Most organizations today rely on a pipeline process to build and check in software, with rapid feedback to determine when the build broke and what change broke it. For the final step of production deployment, compile checks and unit tests have less value in a world of interpreted languages, web apps and APIs. Instead, continuous delivery and continuous deployment speed up deployments with less risk, and shift quality to the right into the purview of operations staff.
But which deployment path is right for you? A closer look at continuous delivery vs. continuous deployment will help reveal which is the most valuable for your organization right now.
The path from continuous integration to continuous delivery and continuous deployment
A CI/CD pipeline begins with continuous integration (CI), a process that collects and integrates code. Exactly what "integration" means can vary by team and organization; originally this meant mostly to run the compile step, but today this can include security checks, scanners for common mistakes that might compile and unit tests. When tests fail, the CI server knows exactly which commit (and which author) introduced the change, and notifies the author to fix the error.
Continuous delivery and continuous deployment setups compress the deployment process and ensure the checking is consistent, which reduces risk. These automated deployments rely on a focus on monitoring and rollback capabilities. They also require an exhaustive set of automated tooling or processes to deploy small subcomponents that carry minor risk
Continuous delivery in practice
Once code goes into version control, it is tested, fixed and rolled out. Steps along the way often include building unit tests, creating a virtual server, then running more automated, high-level checks against the server. If any step fails, the build fails. The developer is notified, typically by email, to fix the errors. Once everything passes the tests, the code goes to a final stage gate before it is deployed.

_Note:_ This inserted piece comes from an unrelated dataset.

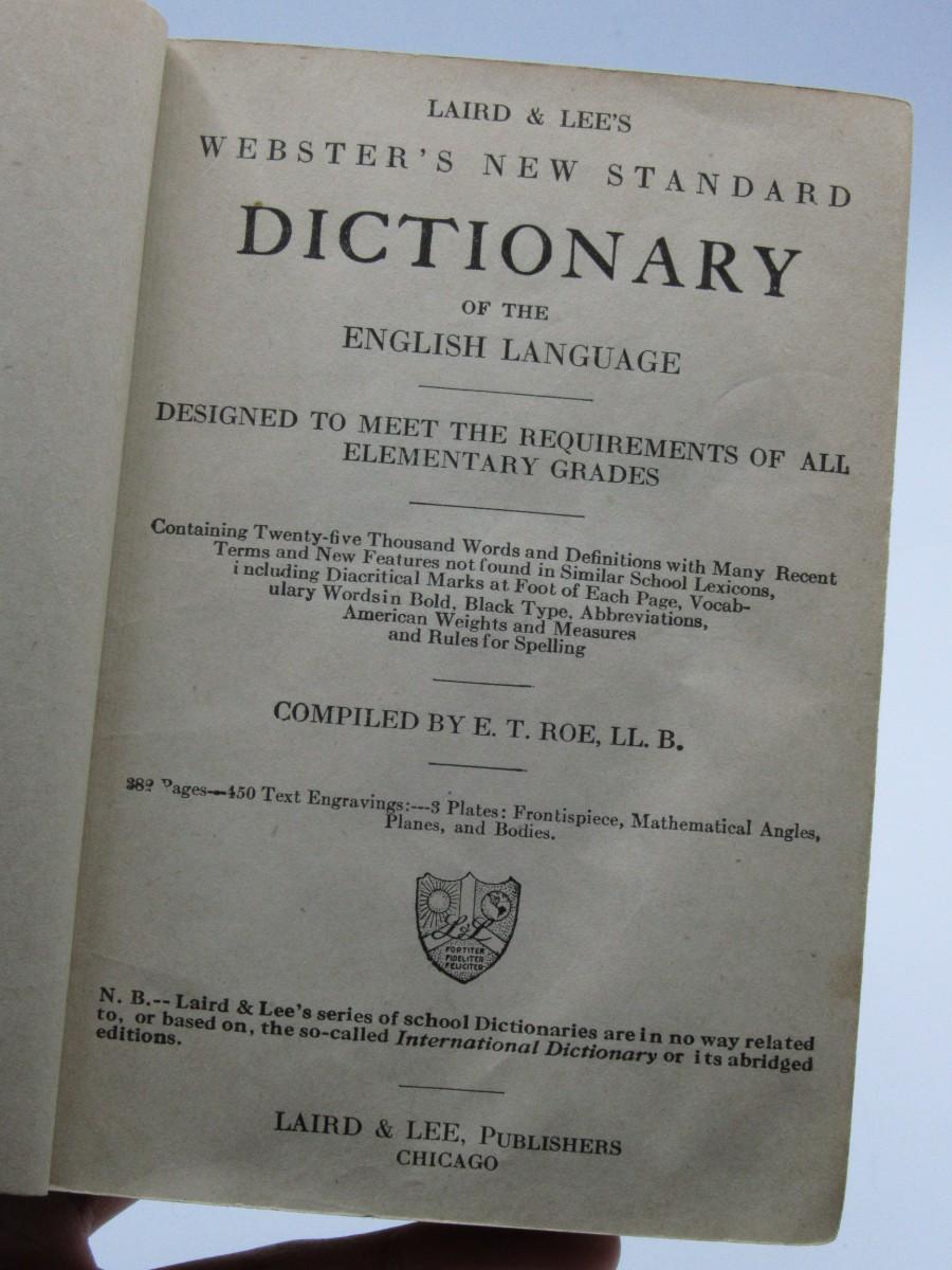 Antique Laird & Lee's Webster's New Standard Illustrated Dictionary Elementary School Edition Book

The DevOps book Continuous Delivery: Reliable Software Releases Through Build, Test, and Deployment Automation, summarizes the continuous delivery concept: "Automate the build, test and deploy process so that, if there are no problems with the software, it only takes one additional click to send it to production."
That final click triggers the actual deployment. In the illustration above, completion of the automated acceptance test generates feedback all the way back to the delivery team for human acceptance tests. In this step, the system sends an email to a tester, product owner or customer service representative to explore and double-check the environment. When they approve, the code rolls to production.
Testing isn't the only reason for this step. A product owner styling the user interface might want to roll together a set of changes. The company might roll out all the changes in a sprint at the same time for a final regression burndown check, or perhaps a specific day and time to mitigate business risk or target groups of users. In some cases, architectural constraints may prevent rollout of micro-features or micro-commits.
Once a team advances the pipeline from commit to ready, with deployments decoupled and able to happen several times per day, the team has achieved continuous delivery. Replacing this final human check with automation is the key difference with the other CD model -- continuous deployment.
Cl/CD in the cloud
A single test environment may seem quaint to many companies, perhaps from a different age. Today's continuous integration tools can create a different test environment for each version of the software. These tools can even live in the cloud and run through a web browser. In that kind of environment, moving from continuous delivery to continuous deployment might be a matter of moving a workflow step -- only the testers or employees can see the change, which is then tested on production and promoted to everyone or reverted if need be.
Progressive organizations that use CI/CD tools in the cloud may be better off starting with a system that can do continuous deployment, and build the ability to fall back in light of quality problems. Leave the "crawl-walk-run" cadence of deployment to the legacy systems, if you can.
Practicing continuous deployment
In a continuous deployment shop, when the test suite passes, changes roll out to staging. Obviously, this introduces risks, so organizations typically use various counter measures, such as:
- Configuration flags. When a change rolls out, it only impacts a small subset of users, typically just employees or even just testers. Features can be expanded to a larger category of users with a simple bit flip in a database or a text file.
- Automated contracts. API and code specifications define what the software "should" do, and if it is still "working" at a modest, basic level.
- Versioned interactions. Major version updates to an API can break changes. To fix this, have the code call a specific version of the API. Minor version changes do not change the aforementioned contract, interface or expected results.
To make continuous deployment work, your organization needs both architecture and infrastructure that support frequent deployments, some of the de-risking self-support mechanisms above and skilled staff to quickly produce high-quality code quickly.
Making the choice: Continuous delivery vs. continuous deployment
Most organizations will find it's relatively straightforward to adopt a continuous delivery process -- perform a build step, run unit tests, and if the unit tests pass, push the build to a dev or test server. (Shifting from continuous delivery to continuous deployment is harder for many organizations.) More traditional organizations with isolated development, test and staging servers can deal with some instability in dev, but this involves human intervention at several stages (push to test on tests passing, push to test after human exploration passes, then push to production). This slows the entire process, but with expectations that each step improves quality.
Legacy software teams that want to skip to continuous deployment will likely find that it won't work for a variety of reasons. For example, the software is deployed as one large compiled program file, and requires thirty seconds or more of downtime. Perhaps the deploys are not isolated, or the APIs are not versioned, or the system lacks automated contracts. These teams might be better off to start with continuous delivery and adjust the risk measures a bit at a time until continuous deployment is more viable.